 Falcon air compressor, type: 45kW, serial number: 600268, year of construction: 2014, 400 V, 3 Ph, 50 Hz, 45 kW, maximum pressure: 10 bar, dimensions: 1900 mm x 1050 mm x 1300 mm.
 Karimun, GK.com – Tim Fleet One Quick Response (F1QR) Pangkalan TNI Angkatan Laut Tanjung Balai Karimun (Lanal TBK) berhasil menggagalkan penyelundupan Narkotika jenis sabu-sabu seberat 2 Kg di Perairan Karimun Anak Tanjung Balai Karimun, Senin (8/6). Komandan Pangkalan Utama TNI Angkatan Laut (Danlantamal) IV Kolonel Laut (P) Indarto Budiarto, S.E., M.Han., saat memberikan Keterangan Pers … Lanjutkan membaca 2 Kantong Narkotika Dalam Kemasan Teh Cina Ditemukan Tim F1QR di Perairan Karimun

★ ★ ★ ★

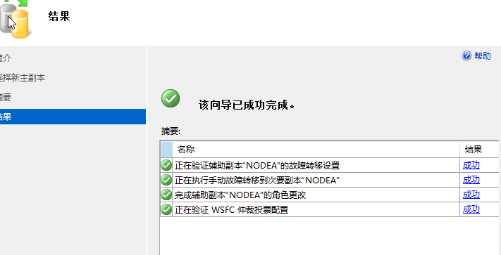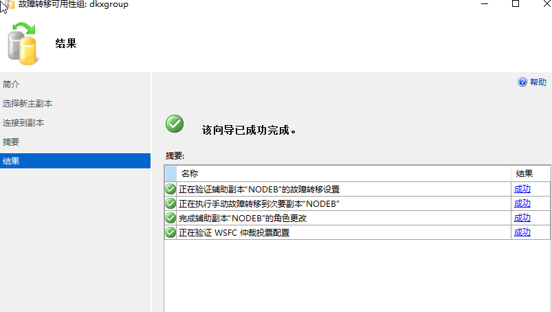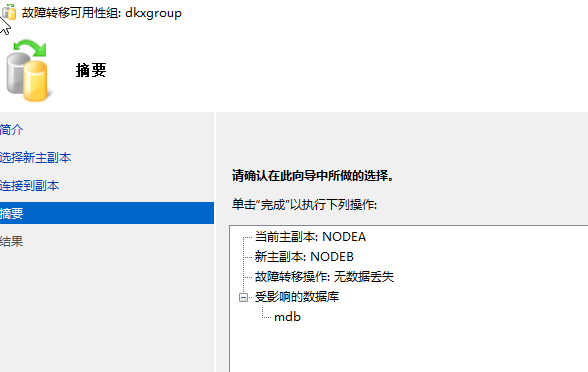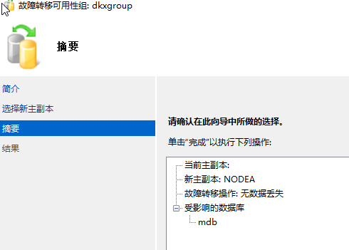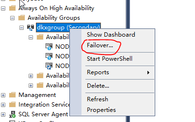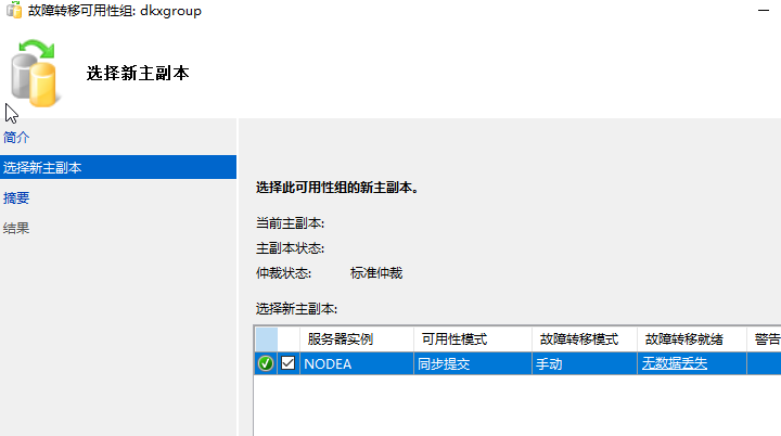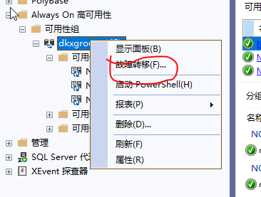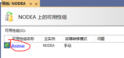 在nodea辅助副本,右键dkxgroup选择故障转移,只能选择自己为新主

★ ★ ★ ★

Required action
The output should be exactly the lines above from the line containing "Falcon air compressor, type: 45kW, serial" to the line containing "Karimun, GK.com –", inclusive, with no other lines.

Answer section
 Falcon air compressor, type: 45kW, serial number: 600268, year of construction: 2014, 400 V, 3 Ph, 50 Hz, 45 kW, maximum pressure: 10 bar, dimensions: 1900 mm x 1050 mm x 1300 mm.
 Karimun, GK.com – Tim Fleet One Quick Response (F1QR) Pangkalan TNI Angkatan Laut Tanjung Balai Karimun (Lanal TBK) berhasil menggagalkan penyelundupan Narkotika jenis sabu-sabu seberat 2 Kg di Perairan Karimun Anak Tanjung Balai Karimun, Senin (8/6). Komandan Pangkalan Utama TNI Angkatan Laut (Danlantamal) IV Kolonel Laut (P) Indarto Budiarto, S.E., M.Han., saat memberikan Keterangan Pers … Lanjutkan membaca 2 Kantong Narkotika Dalam Kemasan Teh Cina Ditemukan Tim F1QR di Perairan Karimun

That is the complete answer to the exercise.